В открытое окно терема ветер нес черный пепел с пожарища. Дмитрий Иванович стоял у окна, глядел с высоты на погоревший Суздаль. За спиной послышались легкие, быстрые шаги. Дмитрий оглянулся. Перед ним, смущенно потупясь, стояла девушка в василькового цвета летнике, щеки ее рделись румянцем.
— Прости, князь, не чаяла тебя встретить, — проговорила она.
Князь молчал.
Она подняла на него глаза, не зная, сердиться или нет за его молчание, и поняла: князь смутился больше ее.
«Очи у нее васильковые, как летник», — только и мог подумать Дмитрий. Еле совладав с собой, ответил:
— Не чаял и я встретить тебя… княжна иль боярышня, не знаю, прости.
Девушка отмахнулась от его несвязных слов.
— Княжна я. Дуней звать…
И тут князь, увидев, как гневная морщинка легла у нее между пушистыми бровями, подумал торопливо: «Аль обидел ее чем? Дурак!
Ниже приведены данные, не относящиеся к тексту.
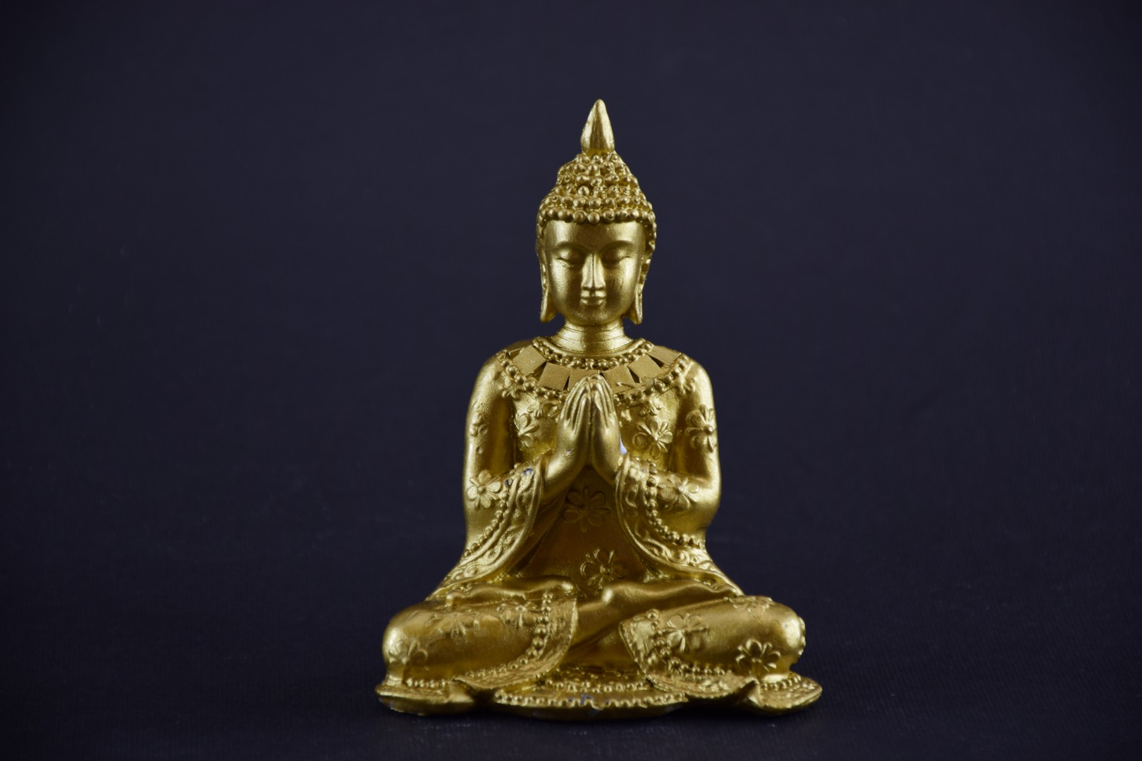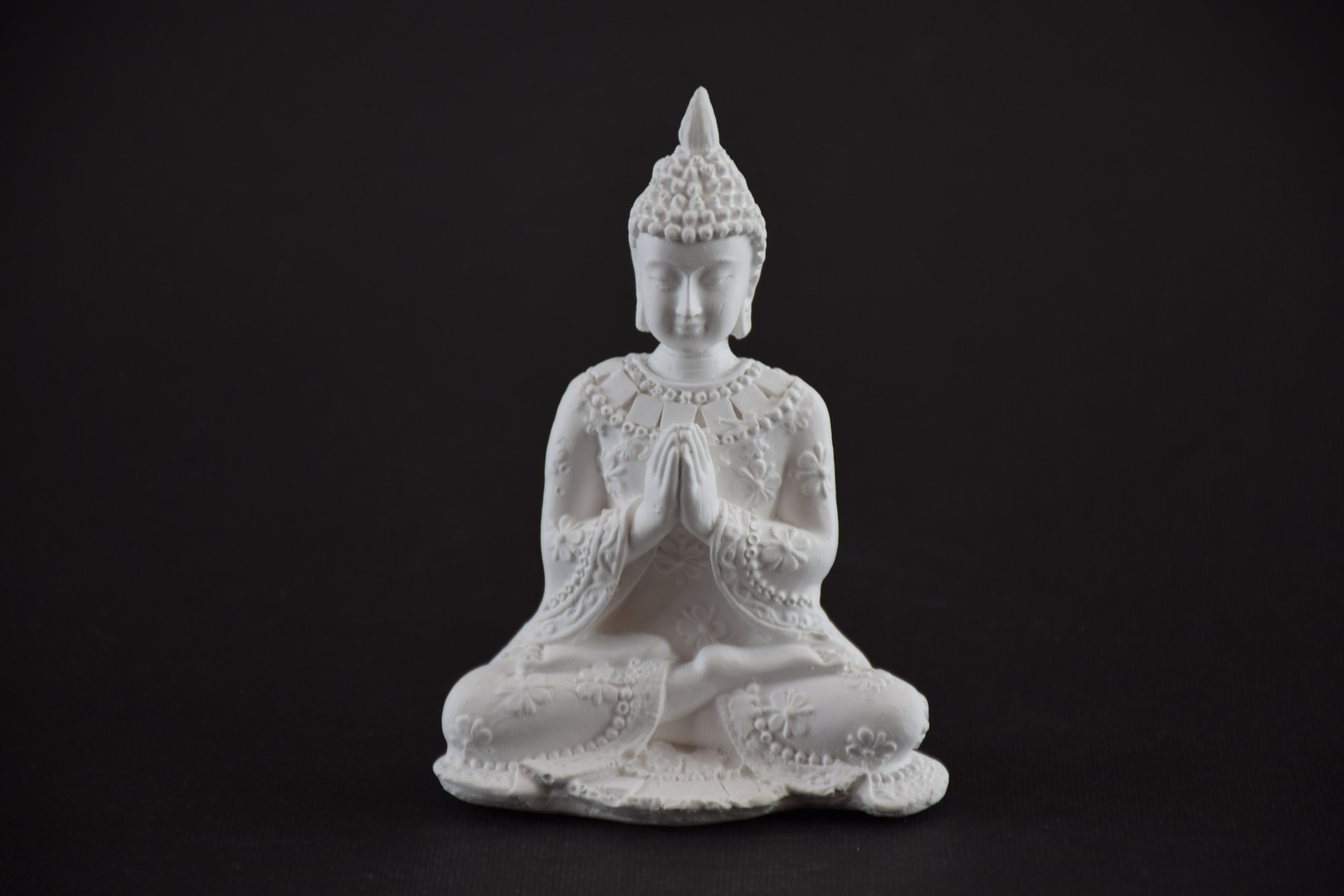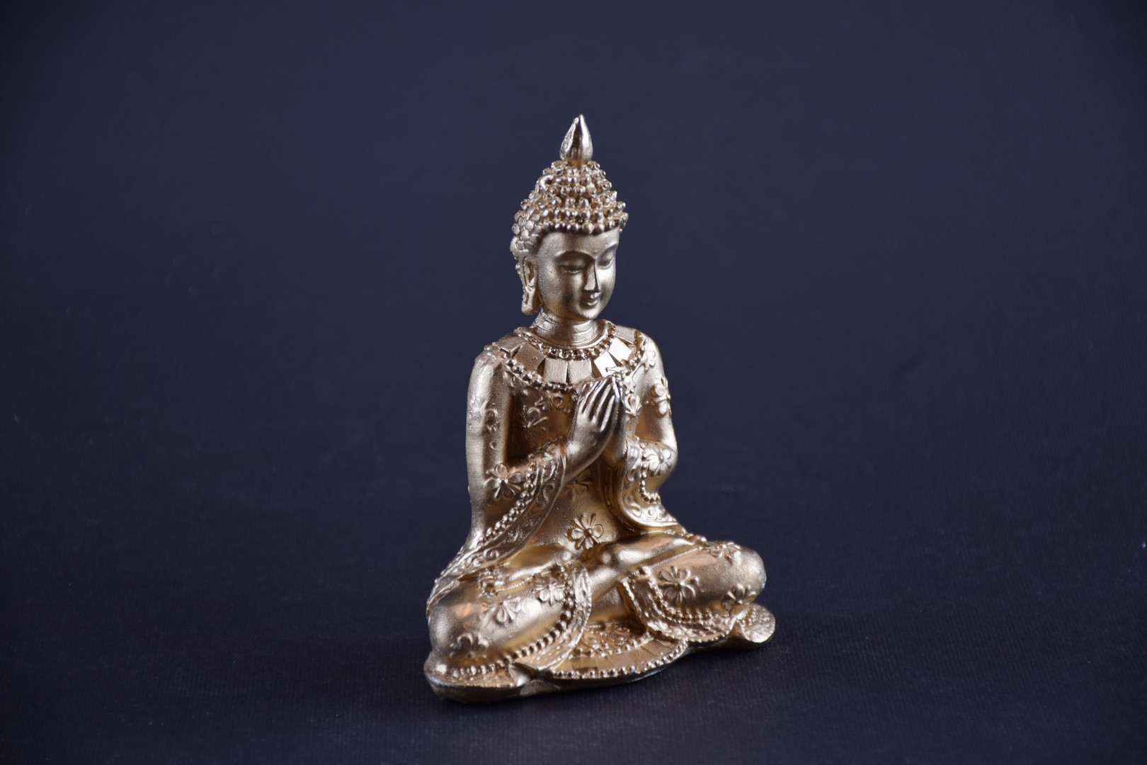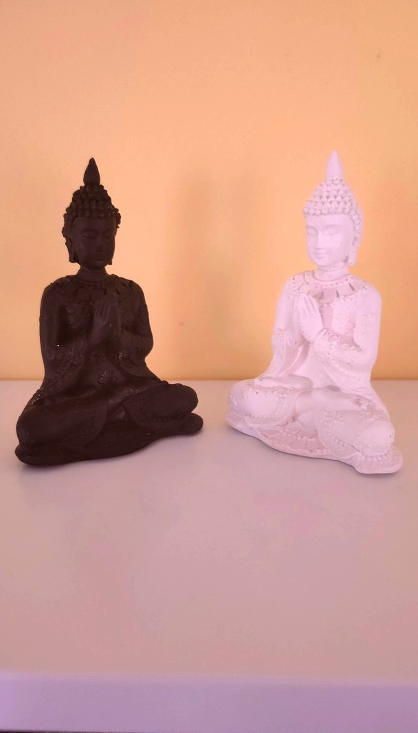 - Este o statuetă care îl reprezintă pe Buddha în postură de meditație salutând.

Двух слов связать не смог!» А она, подойдя поближе, взглянула строго, пристально, но и со скрытым любопытством:
— Доволен, княже?
— Чем, княжна?
Собольи брови ее удивленно взметнулись.
— Он еще спрашивает! Отца моего, князя Дмитрия Костянтиновича со стола великокняжеского согнал! Посады суздальские сжег! Грамота написана, в ней отец мой тебе молодшим братом нарекся, а ты не знаешь, чем довольным быть. Бесстыжий! Холопей и тех против отца поднял. Вон вчера донесли: пока мы в осаде сидели, поместье у батюшки наши же холопы сожгли и в московские слободы подались, все дело твоих людей — атаманом у них московский сотник был.
— Какой сотник, княжна?
— Почем я знаю. Семка какой–то. Его зимой наши в полон взяли на Плещееве озере.
— Ой, княжна, сама ты не ведаешь, какую радость мне принесла. Он это — Семен Мелик!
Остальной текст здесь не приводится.